A friend of a friend is asking for my advice. I don't have much info yet:

He's gonna wear a black suit to a wedding. (Strike one, but okay....)

What shirt should he wear? White seems too much of a contrast. Pinpoint? Spread collar? Hmmm. Said he doesn't want stripes because he's already tall and thin enough, thank you.

Then there's the fit issue. He's a string bean. Where's a good fitting shirt for a fella built like that?

Sorry to be sloppy and offhand, but......
thank you all.

JB

ps -- yeah. a black suit. ughhh..


----------



## Joe Tradly (Jan 21, 2006)

if he's asking for advice, can't you advise him away from the black suit???


----------



## chiamdream (Aug 7, 2009)

My two cents: if the black suit is non-negotiable, then I think it makes sense to abandon all Trad sensibilities (except maybe black knit tie?) and aim for something slickly Euro. I'd think a Brooks pinpoint (spread or point collar, not buttondown), extra slim fit, in Ecru would be the first place I'd point him.


----------



## Racer (Apr 16, 2010)

Since he's already half-way there, maybe you should suggest he go all the way: button-down sport shirt that doesn't quite fit, too-short solid-color magenta tie, ankle socks, and a pair of black dress-casual lace-ups with rubber lug sole.


----------



## chacend (Mar 4, 2008)

chiamdream said:


> My two cents: if the black suit is non-negotiable, then I think it makes sense to abandon all Trad sensibilities (except maybe black knit tie?) and aim for something slickly Euro. I'd think a Brooks pinpoint (spread or point collar, not buttondown), extra slim fit, in Ecru would be the first place I'd point him.
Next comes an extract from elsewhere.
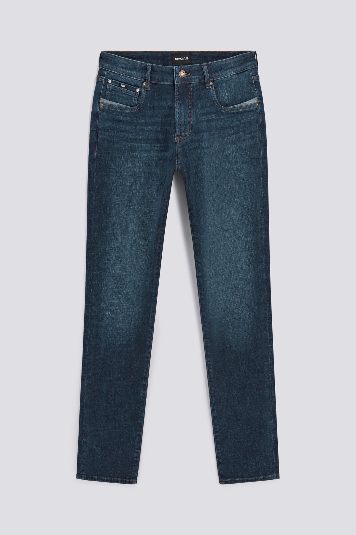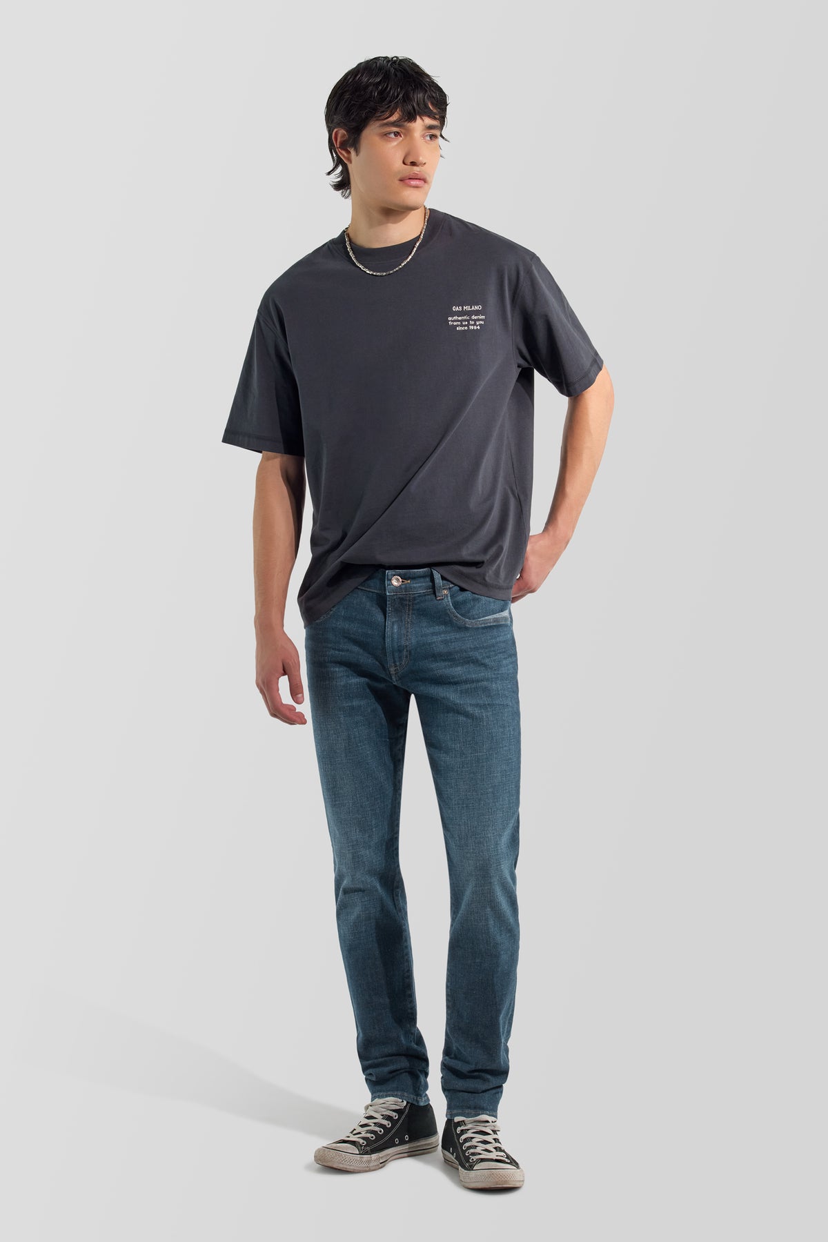 Jeans uomo skinny fit pensati in denim indigo comfort da 10.30 oz. Il lavaggio stone wash medio scuro con leggere abrasioni dona un aspetto autentico e vissuto, esaltando le linee pulite del modello. Un capo essenziale e contemporaneo, ideale per look quotidiani dal carattere deciso, da indossare con T-shirt o camicie leggere per uno stile effortless ma curato.

Is he wearing this to A wedding or to HIS wedding?


----------



## PeterW (May 14, 2004)

*When nothing but the best will do.*

Just make sure he is wearing these:


----------



## Joe Beamish (Mar 21, 2008)

Heh, thanks....he's wearing this...black suit thing...to someone else's wedding. I should have specified.

Love the ecru reco. And I totally agree with pinpoint.

Black suit. That's a train wreck right there. My first response was, "have him get a navy or charcoal suit. Please." Not sure that's an option.


----------



## Cruiser (Jul 21, 2006)

I attended a conference today with about 120 other (predominantly) men where the only men in suits were those addressing the conference. There were six men in suits; three black, two navy, and one charcoal. All six were well coordinated and looked nice. I seriously doubt that I would have even noted the black suits if it weren't for all of the negative comments about them that I read in these forums.

FWIW, these were all men above the age of 50 and there were no square toed shoes, button down sport shirts, or ankle socks to be seen. Like I said, all six looked nice.

Cruiser


----------



## Racer (Apr 16, 2010)




----------



## Joe Beamish (Mar 21, 2008)

Cruiser, what's a good shirt/tie combo with a black suit, given the original question? I understand the chap's girlfriend doesn't want him wearing a white shirt with the black suit (presumably too much contrast.) What's your thought?


----------



## AldenPyle (Oct 8, 2006)

Grey shirt, dark navy tie.


----------



## maximar (Jan 11, 2010)

White straight collared shirt. Solid textured mid-width tie . Paired with a collar bar and a tie tack (gold or silver).


----------



## Larsd4 (Oct 14, 2005)

I'd wear a white shirt. I participated in a wedding a few years ago with black tuxedo and cream shirt and it was hideous. I can never predict what colors will look good together, but I know when they look bad.


----------



## Coleman (Mar 18, 2009)

Depending on the formality of the wedding I'd say a pink shirt.

Not neon-pink, like Brooks pink. 

A button-down probably won't work with the suit, so I don't know where to get the shirt. It seems like most of the fashion forward brands could have a light pink shirt in a slim fit. Suggest perhaps that he hit the department stores in search of such a shirt.


----------



## Coleman (Mar 18, 2009)

Oh, and I like chiamdream's suggestion of a black knit tie.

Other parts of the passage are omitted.